WIN XP SP2, all of a sudden when we try to open Outlook it starts , comes up then closes, we do get a message that the pst file has not been closed properly and is being checked for errors right before shutdown, I reloade .net this morning and all worked fine then it started happening again. .net shows an error in the event log of not being able to start. Outlook starts and runs fine in Safe Mode. I had origionally htought that it had something to do with Google toolbars and removed that from the machine with no change.

any ideas ???

thanks 

bob


----------



## chusbands (Jan 15, 2008)

I am having the same problem with Office 2003. Opens and then closes.
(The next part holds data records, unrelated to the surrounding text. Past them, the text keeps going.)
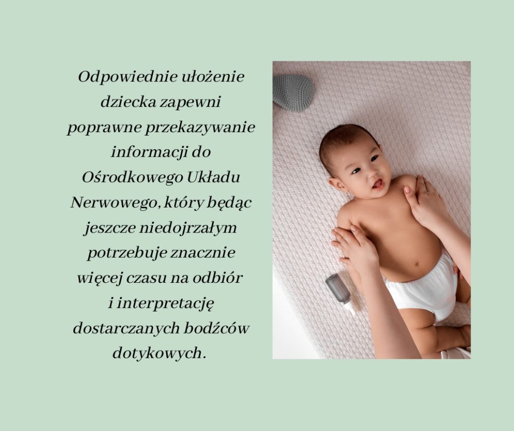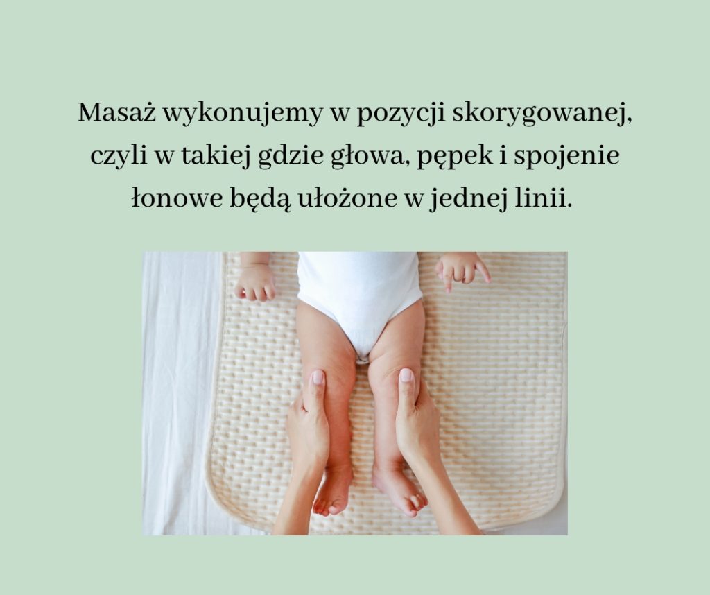 • masaż wykonuj w pozycji skorygowanej (jeśli Twój maluch ma asymetrię, postaraj się go ułożyć w jednej linii),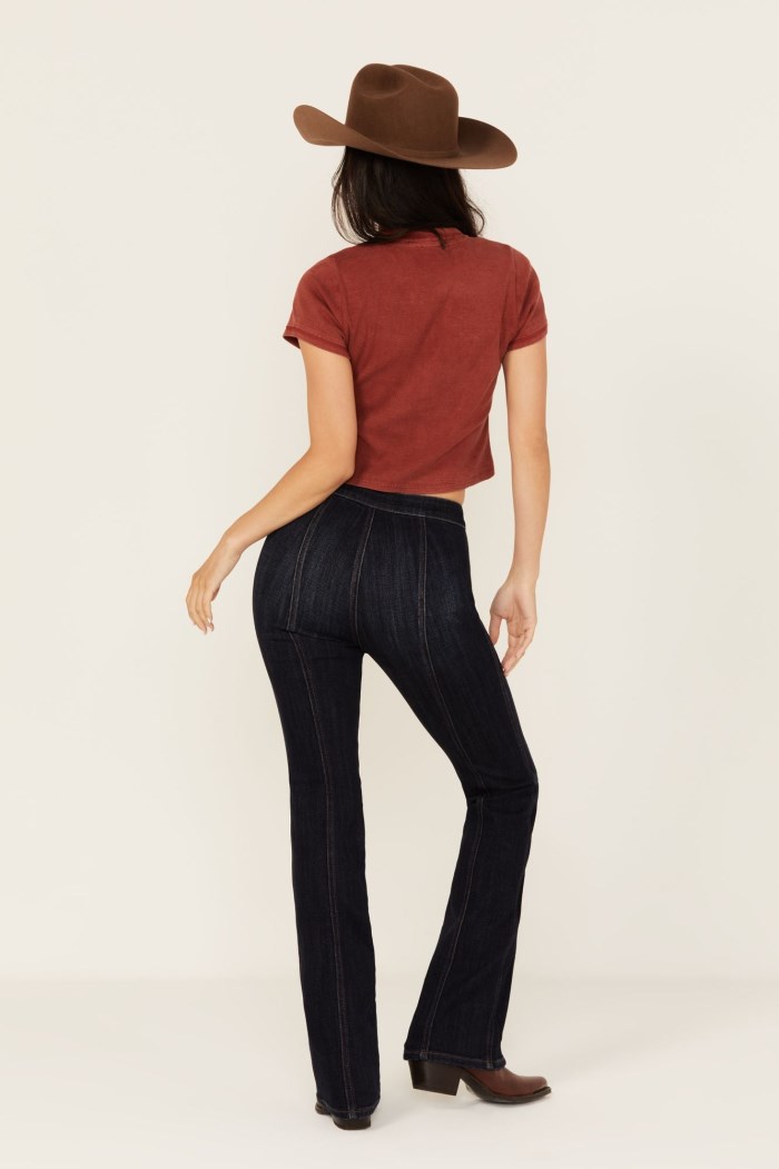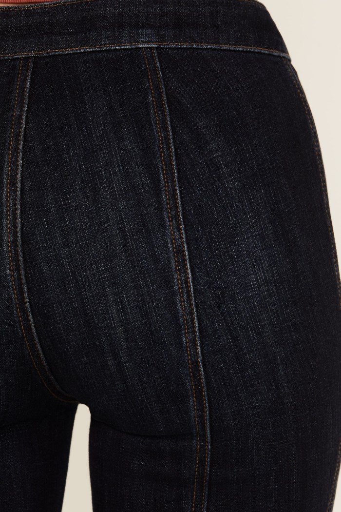 - Bootcut leg with finished hems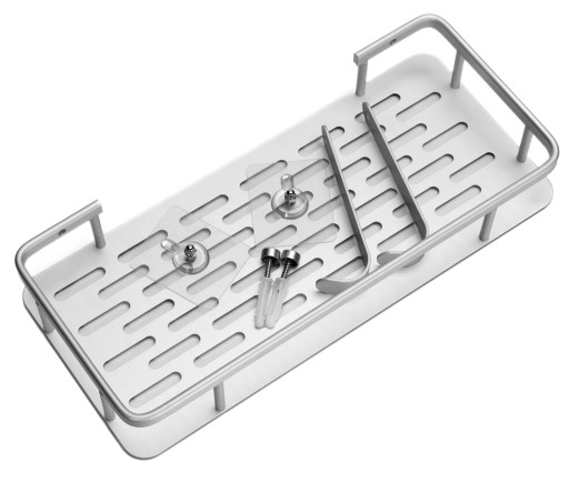 - W zestawie: 2 półki, 4 haczyki, 4 naklejki z klejem, 4 kołki montażowe, zaślepki, instrukcja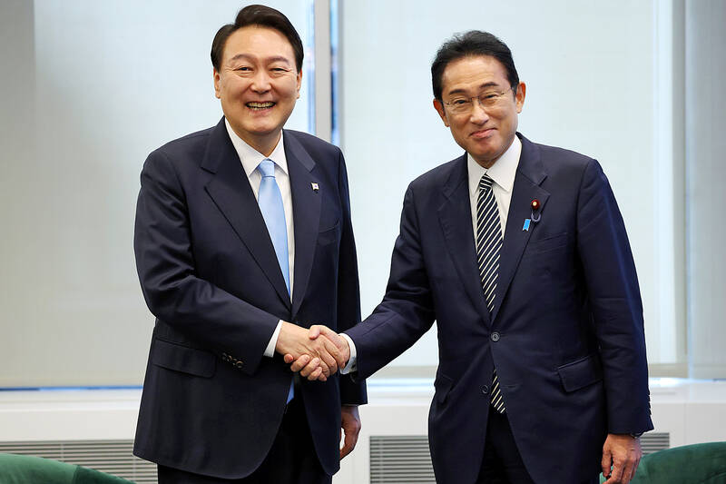 During their 30-minute meeting on Wednesday in New York, South Korean President Yoon Suk-yeol and Japanese Prime Minister Fumio Kishida shared the need to improve bilateral ties and agreed to instruct their respective diplomats to step up talks for that, Yoon’s office said in a statement.

Any ideas?


----------



## bobbruce (Jan 11, 2008)

I have tried a lot , getting rid of google toolbar, I loaded the latest version of .net and it worked for a while then started the same thing , If I get a solution I will post it here


----------



## chusbands (Jan 15, 2008)

Thanks


----------



## bobbruce (Jan 11, 2008)

I uninstalled microsoft contact manager for outlook and the problem went away, all is working fine. Someone mentioned removing the google toolbar(Didn't help) also loading the new .net seemed to help for a day. The contact manager was the main issue on this pc though


----------



## stevemanser (Jan 10, 2009)

For me it turned out to be Plaxo. I unistalled Plaxo and then re-installed it and everything is now working.


----------